During the 1960s, Cardiff participated in European competition for the first time as a result of winning the Welsh Cup, which granted qualification to the newly created European Cup Winners Cup. Their first ever match in European competition was in the tournament during the 1964–65 season against Danish side Esbjerg fB. The team won 1–0 on aggregate over two legs, the only goal being scored by Peter King. They went on to reach the quarter-finals before being knocked out by Real Zaragoza. Despite their exploits in Europe, the team were still struggling in league competition under the stewardship of Jimmy Scoular, finishing in 20th position in the Second Division. Two years later the team reached the semi-final of the Cup Winners Cup after victories over Shamrock Rovers, NAC Breda, and Torpedo Moscow set up a tie with German side Hamburg, whose squad contained several German internationals. This remains the furthest any Welsh side has advanced in European competition. After a 1–1 draw in the first leg, over 43,000 fans turned out at Ninian Park to watch Hamburg win 3–2. During the 1970–71 season, Cardiff reached the quarter-finals of the Cup Winners Cup where they faced Spanish side Real Madrid. The first leg of the tie was held at Ninian Park where 47,000 fans watched one of the most significant victories in Cardiff's history when Brian Clark headed in to give Cardiff a 1–0 win. They were later eliminated after losing the second leg 2–0. The team remained in the Second Division for 19 of the 20 seasons between 1962 and 1982, having been relegated to the Third Division for the 1975–76 season.
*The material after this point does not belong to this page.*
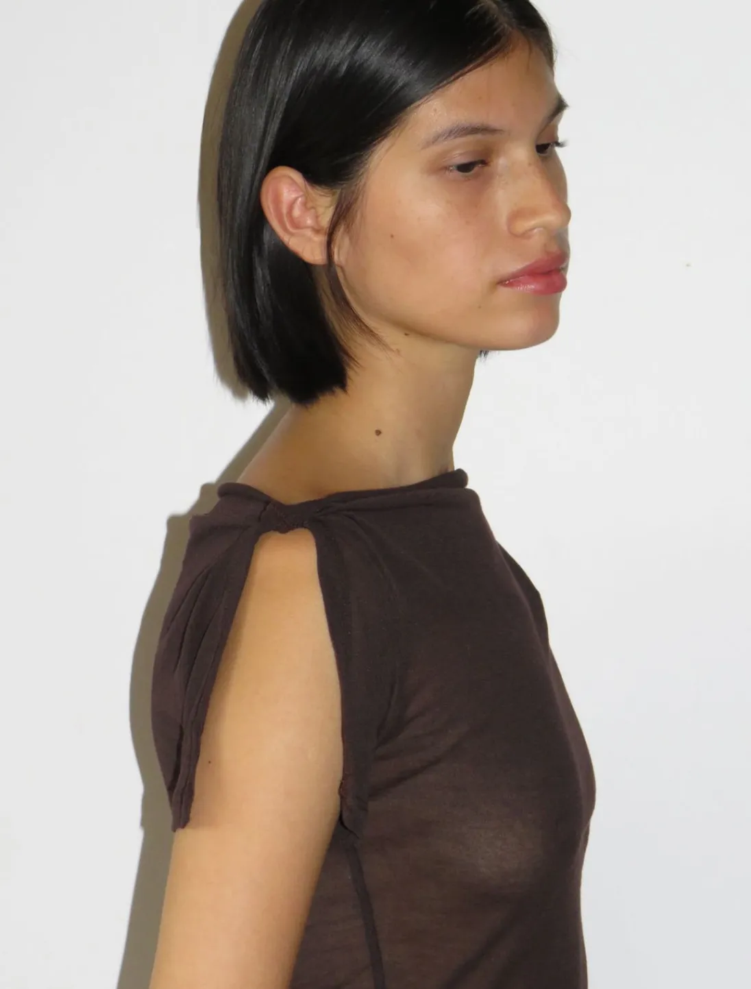 Stofet Har En Blød Håndfornemmelse, Der Minder Om Crepe, Lavet Af Bomuldsjersey.Farve Brun.
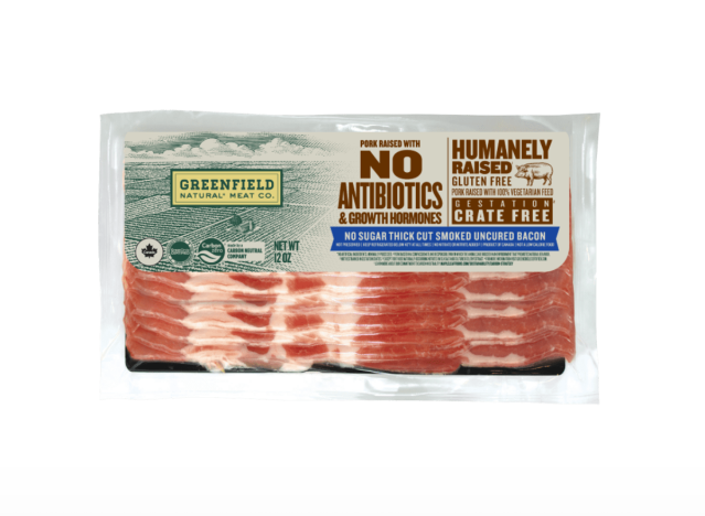 Greenfield No Sugar Thick Cut Smoked Uncured Bacon is sugar free and made from pork raised with no antibiotics. Shoppers love the clean ingredients and great taste of this thick-cut bacon, and mention that it cooks nicely in the microwave.

Cardiff were continuously in the lower two divisions of the Football League between 1985 and 1993. The club appointed several managers in attempts to turn the team's performances around with limited success. They were relegated to the Fourth Division once in the 1985–86 season and, despite returning to the Third Division on two occasions, they finished in their lowest-ever league position in 1996—22nd of 24 in Division Three. In 1995, Cardiff and other Welsh clubs competing in English leagues were banned from entering the Welsh Cup by the Football Association of Wales after pressure from UEFA, who did not want teams playing in two national cup competitions. Their final match in the competition was a 2–1 defeat to Wrexham in the 1995 final.

===Foreign investment (2000–present)===
In August 2000, Lebanese businessman Sam Hammam purchased control of the club and replaced Steve Borley as chairman. Shortly after taking over, he controversially pledged to get the entire Welsh nation to support Cardiff by renaming the club "The Cardiff Celts" and changing the club colours to green, red and white. After lengthy talks with senior players and fans, he decided the best policy was not to change the name of the club. The club crest was redesigned; the new design incorporated the Cardiff City bluebird in front of the Flag of Saint David and featured the club's nickname superimposed at the top of the crest. Hammam funded the transfers of several new players to the club, and new manager Lennie Lawrence guided Cardiff to promotion when they won the Second Division play-off in 2003 against Queens Park Rangers. Substitute Andy Campbell came off the bench to score the only goal in extra time and ensure Cardiff's return to Division One after an 18-year absence.

The club experienced increasing financial difficulties over the next few years and plans for a new stadium failed to gain approval from Cardiff Council because of concerns over financial security in 2006. Hammam then agreed to a takeover by a consortium led by new chairman Peter Ridsdale and the lead developer of the new stadium, Paul Guy. During the 2007–08 season, Cardiff reached the semi-final of the FA Cup for the first time in 81 years after beating Middlesbrough 2–0 on 9 March 2008. After coming through their semi-final against Barnsley with a 1–0 win at Wembley Stadium on 6 April with a goal from Joe Ledley, they eventually lost 1–0 to Portsmouth in the final, thanks to a goal from Nwankwo Kanu in the 37th minute.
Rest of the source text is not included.